2002: A Single Shard (the pottery club: a family affair)

VERDICT: Treasure

Sally’s Rating: 3.5/5

Linda Sue Park’s A Single Shard is surprisingly riveting for a story about one boy’s dream to learn how to craft pottery in twelfth-century Korea.

This book follows along the same lines as other Newbery winners Dobry and I, Juan de Pareja, wherein a young boy develops an interest in art and becomes an apprentice to someone who has already mastered the craft. Where it excels, though, is at incorporating the multicultural customs into a simple narrative that is both engaging and sympathetic.

Tree-ear, the main character, takes special care in learning how pottery is created and the reader can easily learn through his eyes the importance of the craft.
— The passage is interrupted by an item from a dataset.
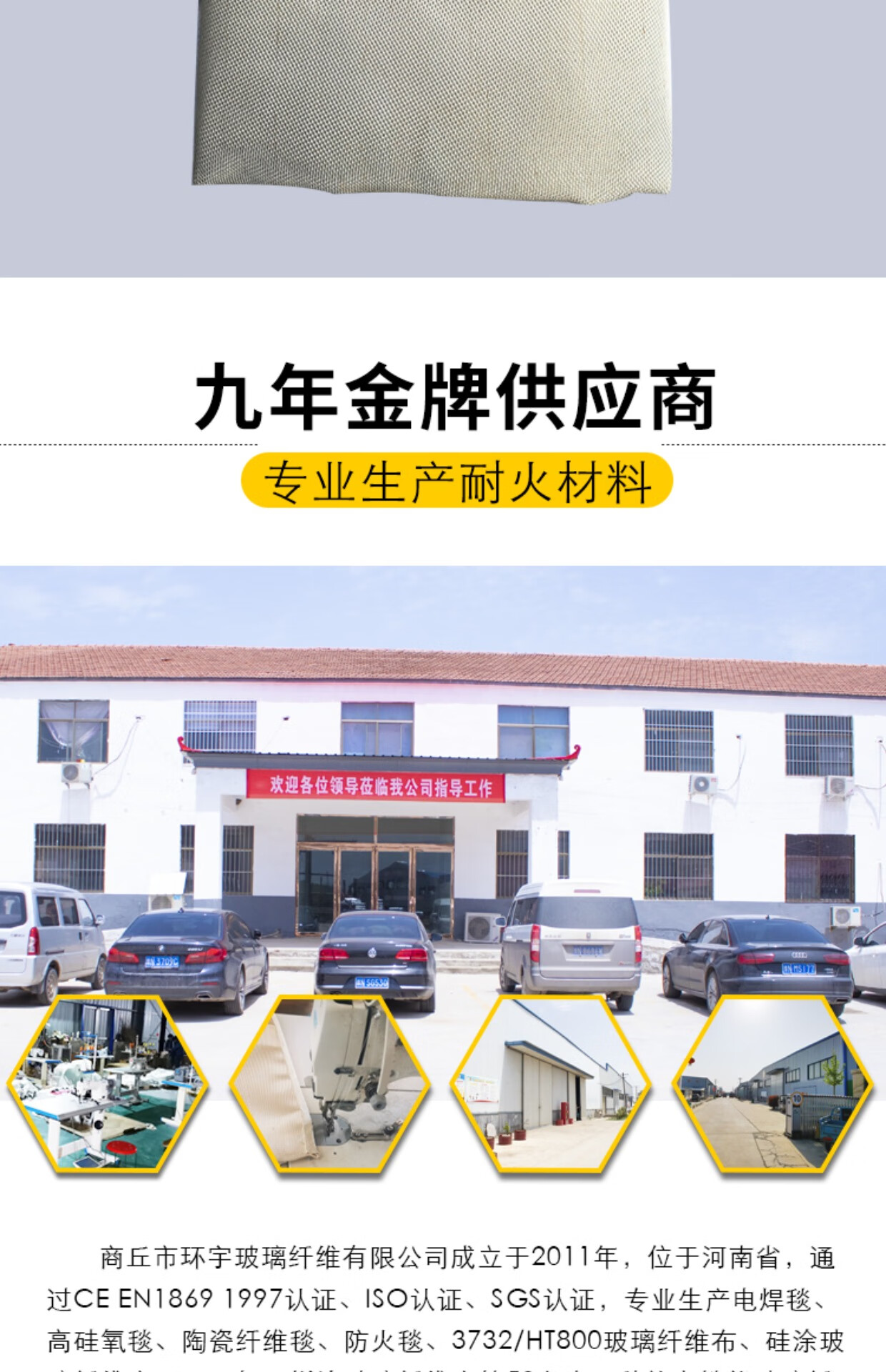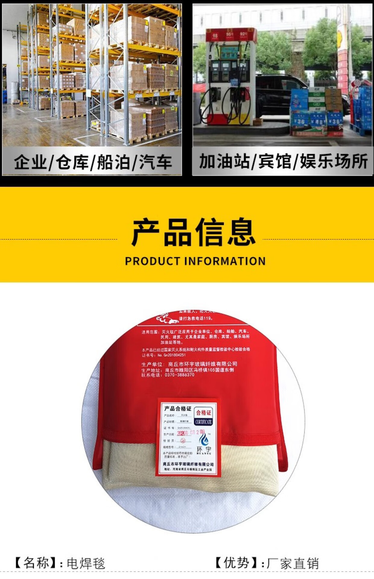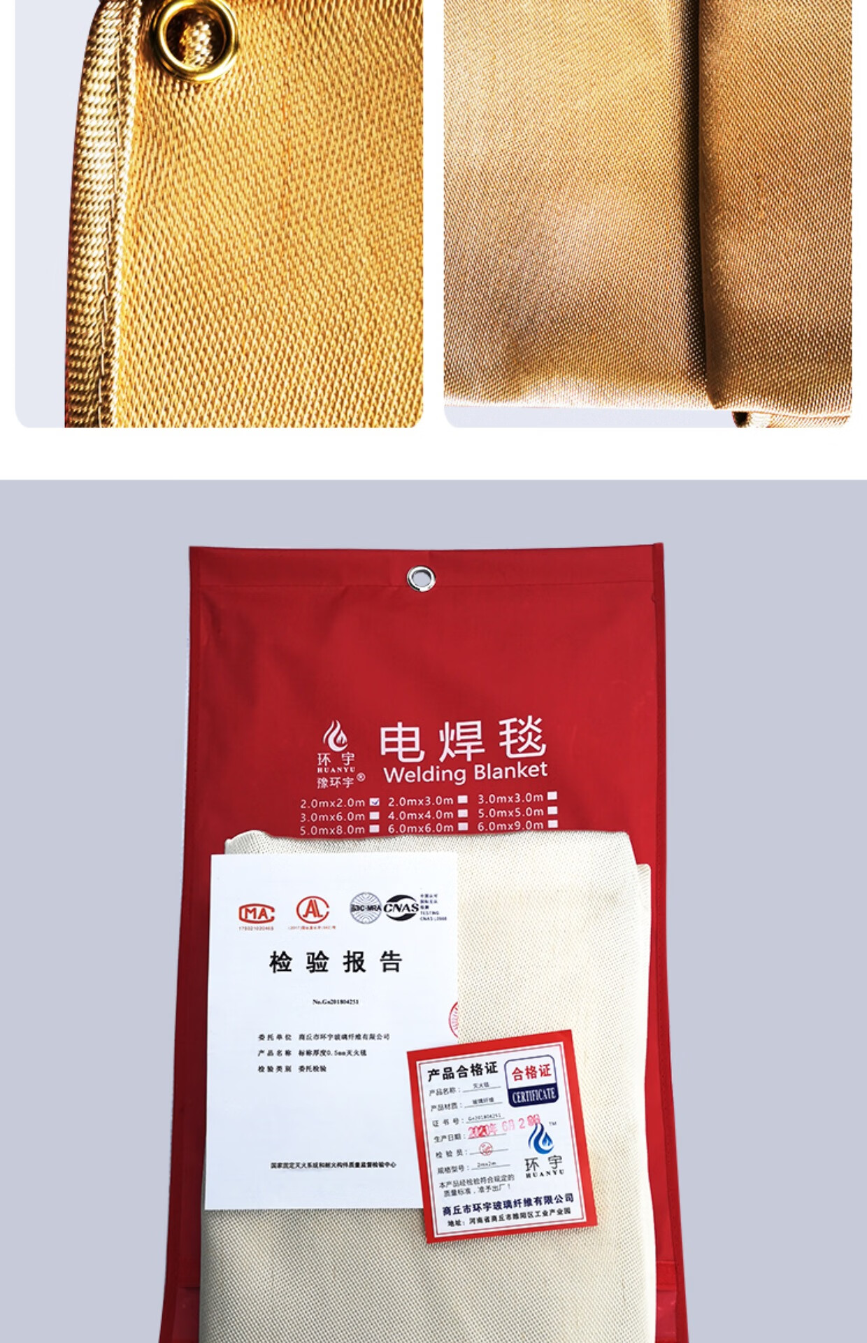 International fire certified glass fiber welding blanket safety household high temperature resistant universal fire extinguishing welding blanket gold thickened 1mm*6*6 meters

I never felt like I was being lectured on the creation process and was never bored with learning all the steps involved; instead, it seemlessly blended in with the tale being told as Tree-Ear slowly gains respect for his master and his craft and, in return, gains a new family.

Belonging and self-discovery are the themes that are prevalent throughout as Tree-ear craves to be accepted by the potter and his family. Additionally, it was lovely to see him develop an appreciation for the potter’s wife and everything she did for him. Getting a glimpse into this culture was interesting and very enlightening. While the story was bit slow, the characters brought the whole narrative together as it was more about family obligations than adventure.

I would recommend this book for anyone interested in this time period in Korean history. Additionally, those that love arts and crafts might learn a few things in this tale. Overall, its a heartwarming tale that is both charming and thoughtful.